An international march making its way to the United States via this old slave trading harbor has touched off an increasingly public, emotional back-and-forth between a black history foundation and a white supremacy group.

A "slavery reconciliation walk" on Sept. 29 is to start at City Dock, where slave Kunta Kinte (search) was brought into the United States and where a memorial stands in honor of him.

The unusual demonstration will include white marchers wearing chains and yokes while being escorted by black people, and everyone will wear T-shirts with a message of apology.

The Lifeline Expedition (search) is a dramatic event meant to shock observers into talking and thinking about slavery, organizers say.

But more than a month before the demonstration starts its 10-city U.S. tour, it's already attracting attention — of the neo-Nazi National Alliance (search), based in Hillsboro, W.Va.
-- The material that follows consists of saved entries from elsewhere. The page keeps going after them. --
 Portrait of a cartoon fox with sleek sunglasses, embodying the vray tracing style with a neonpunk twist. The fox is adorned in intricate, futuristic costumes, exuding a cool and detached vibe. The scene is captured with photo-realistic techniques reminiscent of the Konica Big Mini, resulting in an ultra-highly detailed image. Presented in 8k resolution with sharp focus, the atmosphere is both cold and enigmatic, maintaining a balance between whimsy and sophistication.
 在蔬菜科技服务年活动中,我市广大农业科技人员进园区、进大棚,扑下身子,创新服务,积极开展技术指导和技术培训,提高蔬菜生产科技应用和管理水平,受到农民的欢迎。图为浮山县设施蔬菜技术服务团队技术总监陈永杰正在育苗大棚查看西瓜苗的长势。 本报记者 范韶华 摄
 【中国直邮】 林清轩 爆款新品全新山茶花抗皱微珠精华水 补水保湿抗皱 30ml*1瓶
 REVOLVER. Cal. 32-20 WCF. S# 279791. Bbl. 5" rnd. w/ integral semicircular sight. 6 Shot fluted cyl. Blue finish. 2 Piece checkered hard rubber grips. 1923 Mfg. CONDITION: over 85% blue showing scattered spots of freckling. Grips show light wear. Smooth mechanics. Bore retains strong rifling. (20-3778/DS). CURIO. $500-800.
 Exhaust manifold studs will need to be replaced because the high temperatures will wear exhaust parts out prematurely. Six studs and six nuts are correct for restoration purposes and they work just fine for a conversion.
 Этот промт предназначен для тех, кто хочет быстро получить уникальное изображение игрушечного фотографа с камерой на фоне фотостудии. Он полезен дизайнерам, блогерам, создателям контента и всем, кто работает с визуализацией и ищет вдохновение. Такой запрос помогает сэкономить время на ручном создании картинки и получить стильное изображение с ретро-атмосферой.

Calling the demonstration "racist street theater," the alliance placed 1,500 fliers, wrapped in plastic bags weighted with small rocks, outside homes all over Annapolis last weekend.
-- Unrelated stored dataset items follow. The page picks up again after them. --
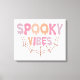 This fun and festive Halloween design features the phrase "Spooky Vibes" in a playful, dripping font that gives the text a gooey, eerie effect. The words are filled with soft, pastel shades of pink, orange, purple, and peach, adding a lighthearted and whimsical twist to the spooky theme. Beneath the text, a simple spider web illustration in a soft brown colour adds a classic Halloween touch, tying the design together. The combination of the pastel colours and the spooky elements creates a unique contrast that’s both cute and a little bit creepy, making it perfect for Halloween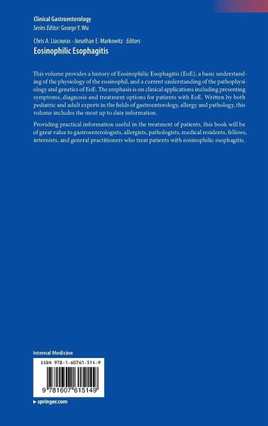 "The book, Eosinophilic Esophagitis, encompasses the historical literature as well as the up-to-date knowledge on the subject. ... The book contains numerous illustrative figures and tables and provides informative summary points at the end of the chapters. ... Providing useful practical information, this book will be of great value to gastroenterologists, allergologists, pediatricians, internists, pathologists, endoscopic surgeons, and fellows, all who deal with EoE patients." (Zeinab A. El-Sayed, World Allergy Organization Journal, worldallergy.org, Vol. 11 (5), May, 2014)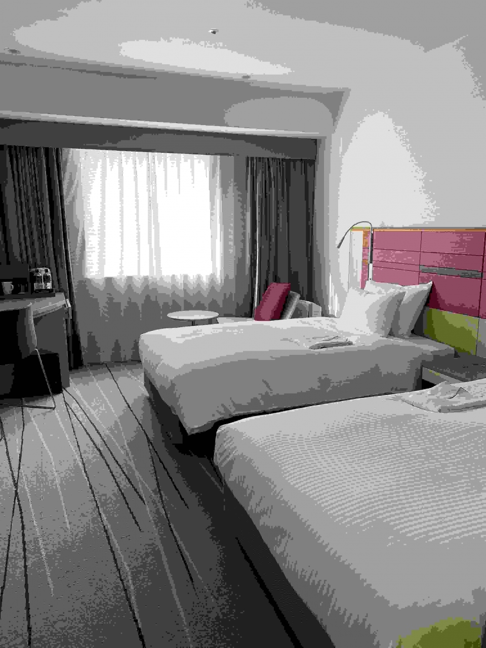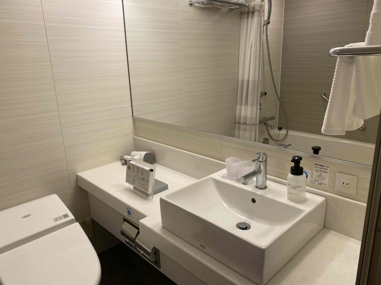 こちらのホテルに宿泊を決めたのは、立地の良さです。博多駅の目の前で、駅前の信号を渡れば階段等の段差もなくホテルまで到着できます。また、地下道の出入り口もホテルの近くにあるので、雨の日でもほぼ傘いらずと思います。駅周辺には飲食店もたくさんあるので、朝食をホテルでとらなかったので食事についてはコメントできません。ラーメン、水炊き、もつ鍋、カフェ、パン屋などなど周囲にたくさんあります。ツインのお部屋は広々としていて、バスルームのシャワーの角度が微調節できるのも良かったです。また、チェックイン少し前でも入室できて助かりました。今回は全国旅行支援を利用し航空券付きのパック旅行だったので宿泊代だけの料金は分かりませんが、十分満足のいく旅行となりました。

The fliers, titled "Say No to White Guilt!", urged residents to speak out against Lifeline's march, which "has been shaming and humiliating White people" since it began in Europe four years ago.

Taxpayers should protest, the fliers urge, the city's decision not to charge the group the $2,000 it will cost for police services and roadblocks.

On Monday, the president of the Kunta Kinte-Alex Haley Foundation (search) held a news conference at City Dock to denounce the "hate mail."

"They're trying to take something about healing and transform it into something negative, and our community won't stand for it," said Leonard Blackshear, whose organization is helping sponsor the event.

Backed by community leaders, Blackshear stood just feet away from the memorial to Kunta Kinte and Alex Haley as he talked to reporters.

"National Alliance propaganda is not wanted here," he said.

Instead of lying low and ignoring the fliers, leaders are speaking out to spread the message that the community is united in support of the march, said Michael Keller, chairman of the city's Human Relations Commission.

"The only way to counter this group is to challenge them and let them know they're not welcome here," Keller said after the news conference. "If they're greeted with silence, they take that as a sign there is quiet support."

Shaun Walker, second-in-command of the National Alliance, counters that the march will do nothing to promote healing. Rather, it takes slavery and "rubs it in the faces of white people and says they're guilty of something," he said Monday from the group's headquarters in Hillsboro.

"There's no need to have white people in chains and white liberals volunteering for this nonsense," he said.

The alliance has printed 10,000 fliers and will continue to hand them out, mostly in the Annapolis area, until the day of the march, Walker said. His organization hasn't yet decided if it will attend the demonstration, he said.

The reconciliation walk also plans to tour the streets of Baltimore; Boston; Charleston, S.C.; New York; Richmond, Va., and several other cities.